Avon School Lunches Are Changing

Avon-Region 10 Food Service Director Maggie Dreher tells Patch about the transition happening in school lunch offerings.

Credit: Jessie Sawyer
Credit: Jessie Sawyer

School lunches have changed a lot in the past few years. 

Maggie Dreher, the shared food services director for Avon and Region 10 schools, said that Avon is one many school districts moving away from processed meals and starting to make meals from scratch.

She credits the push to address childhood obesity across the nation with the change in philosophy in food services for schools nationwide.

The amount of students with food allergies is also on the rise, Dreher said. The education surrounding nutrition and school lunches has increased.

Serving healthier meals to Avon’s students is not about putting them on diets, according to Dreher.

“If you can cook fresh, it’s just healthier,” said Dreher, who worked in food services at Watertown schools for 15 years and was in the restaurant industry prior to that.

She and her staff are focusing on serving meals with less sodium and fat and more whole grains. Processed foods have more salt in them to preserve them, so she said that’s one of the arguments for making foods from scratch.

It will take time for students to adjust, particularly the teens, she said, but the younger students seem most willing to try new dishes. The practice of serving more fresh foods will change students’ pallets.

“It’s a process to get kids away from that frozen chicken tender and to eat a healthy product,” she said.

The district has consulted with Avon chef and cookbook author Terry Walters, who specializes in clean and organic food. Dreher plans out the menus monthly adding many seasonal dishes.

While many of the foods are similar – pizza and chicken tenders, for instance – cafeteria staff are making pizza, chicken tenders, turkey chili and other foods from scratch rather than relying on frozen items and fryalaters.  This is the first year Avon has emphasized food from scratch.

School cafeterias have increasing nutritional guidelines to meet, including offering more fruits and vegetables.

Avon schools already get apples from Hayword Orchards in Burlington and are exploring options for produce from local farms and a future farm to school program.

By sharing a food services director with Region 10, Avon and the Burlington-Harwinton school district are eligible for purchase cost savings for food and equipment.

“It’s going well,” said Dreher, who has been with both districts since August.

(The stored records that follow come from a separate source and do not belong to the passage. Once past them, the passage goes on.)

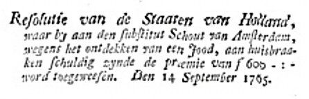 "Resolution der Staaten van Holland, wobei an den substitut Schout von Amsterdam, wegen der Entdeckung eines Juden, an Einbrüchen schuldig, die Gratifikation von f 600,- zugewiesen wurde . Den 14. September 1765.
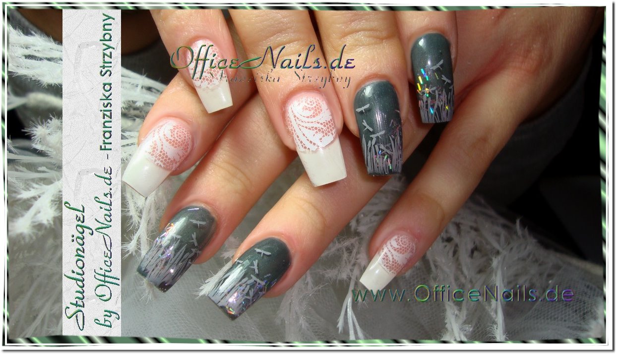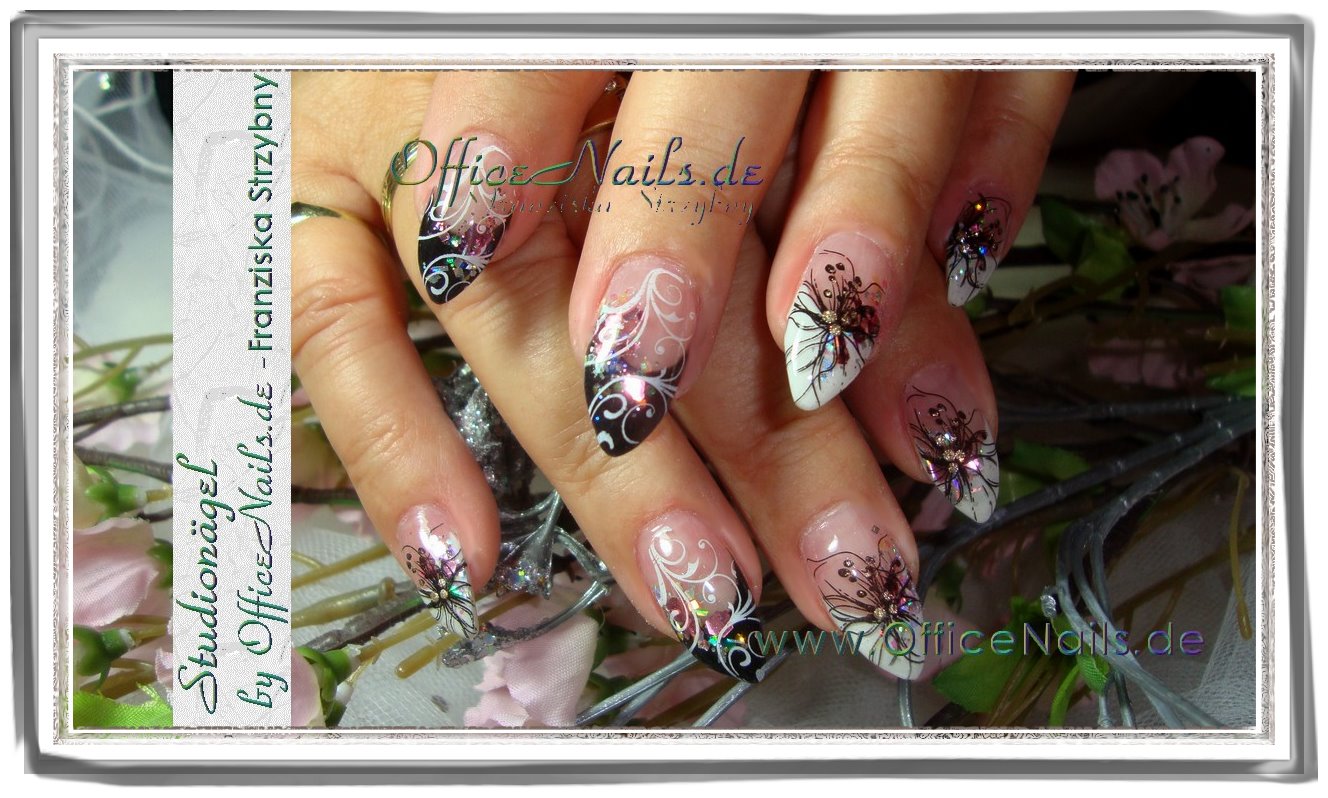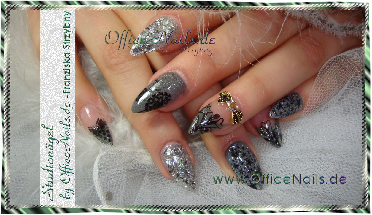 hier schwarzes French verlaufend zu silbernen Spitzen mit allerlei
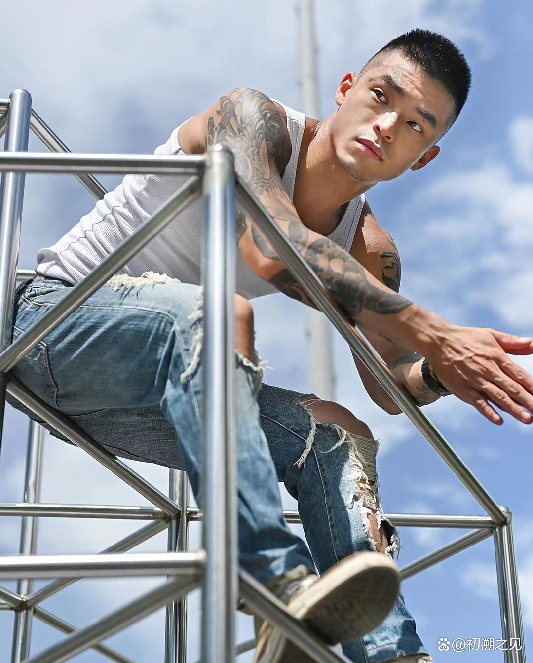 痞帅的圆寸肌肉男,拍摄写真超有范,好身材果然加分,真的爱了
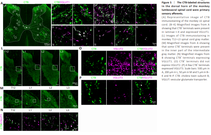 Figure 5 | The CTB-labeled structures in the dorsal horn of the monkey lumbosacral spinal cord were primary sensory afferents.
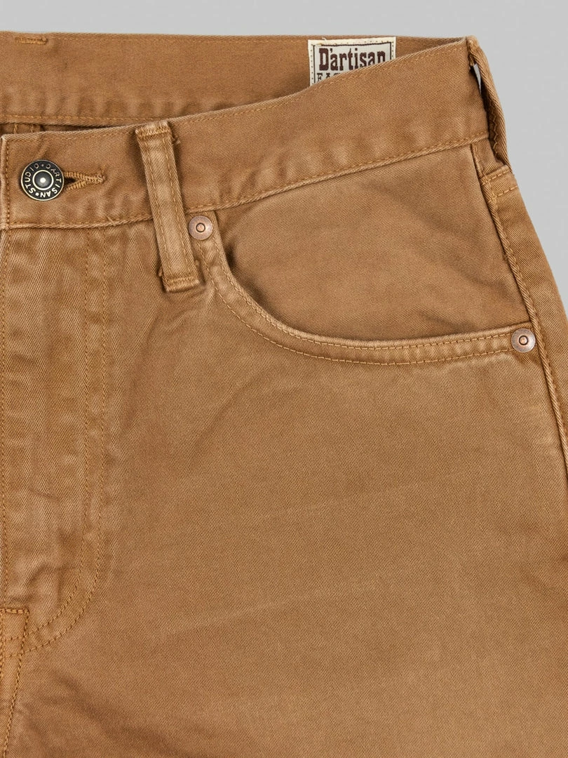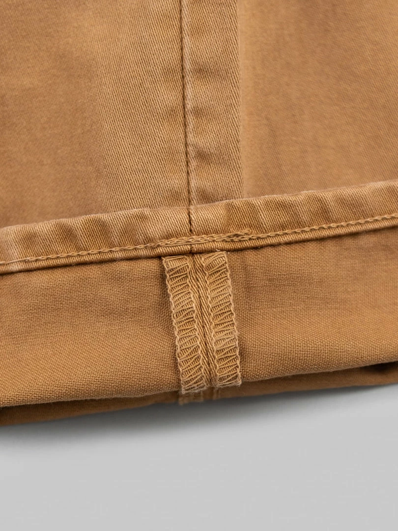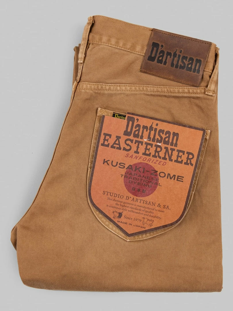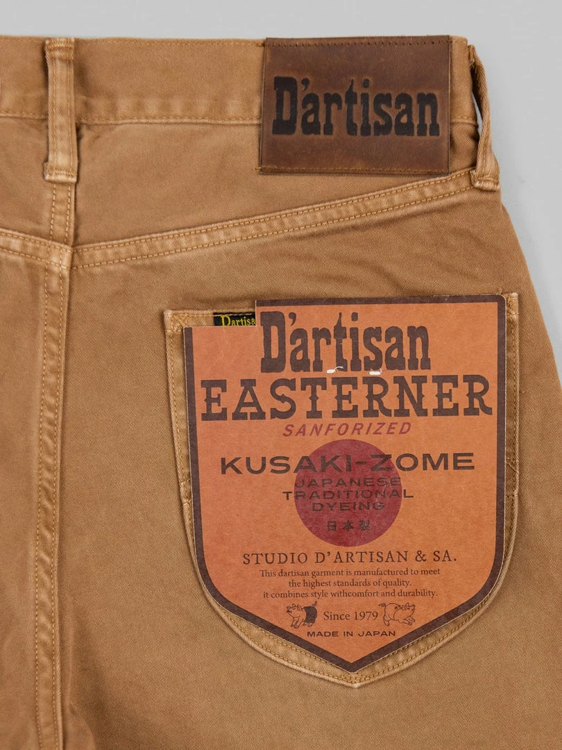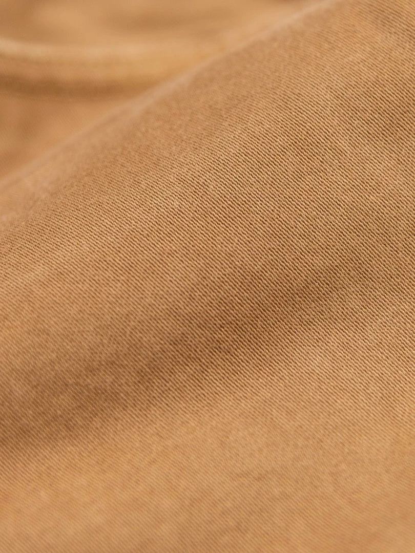 These lightweight jeans are one of the main pieces of this new Kusaki zome SS22 collection. They have been garment dyed with Kakishibu, an all-natural dye from the Heian period -more than 900 years ago- fermented from the juice of unripe persimmons to create the natural khaki coloured dye.
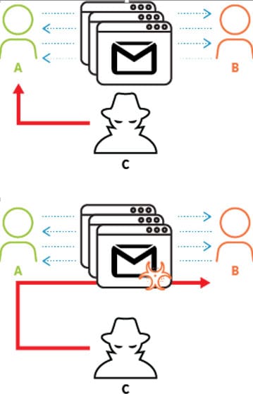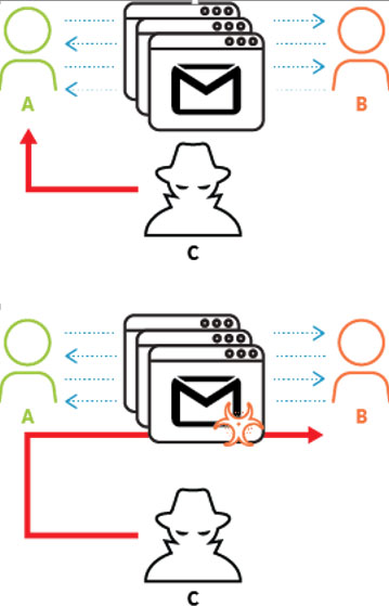 - 攻擊者 Charlie (C) 將發動攻擊,例如利用某種認證竊取,以便控制 Alice 的電子郵件帳戶。

Both currently are benefitting from a Department of Defense grant for fruits and vegetables and are getting most of the produce from a Rhode Island vendor. 

“They’re concerned about the health of the students,” Dreher said.

Many people may not realize that Avon’s food services program is self-sustaining as oppose to being funded by taxpayer money, Dreher said. 

“It’s basically running businesses.”

The changes in the food services industry fit with Avon’s mission of sustainability. Avon cafeterias plan to swap out paper plates with dishware as a way to cut down on waste. Avon schools are also exploring the idea of having gardens. 

Kristin M. Vilardi January 30, 2014 at 12:40 PM
this is awesome! :)
Mike February 23, 2014 at 07:53 PM
The lunches are the worst that they ever been. Asking any student at the high school what they most dislike about the high school and they will say the lunches.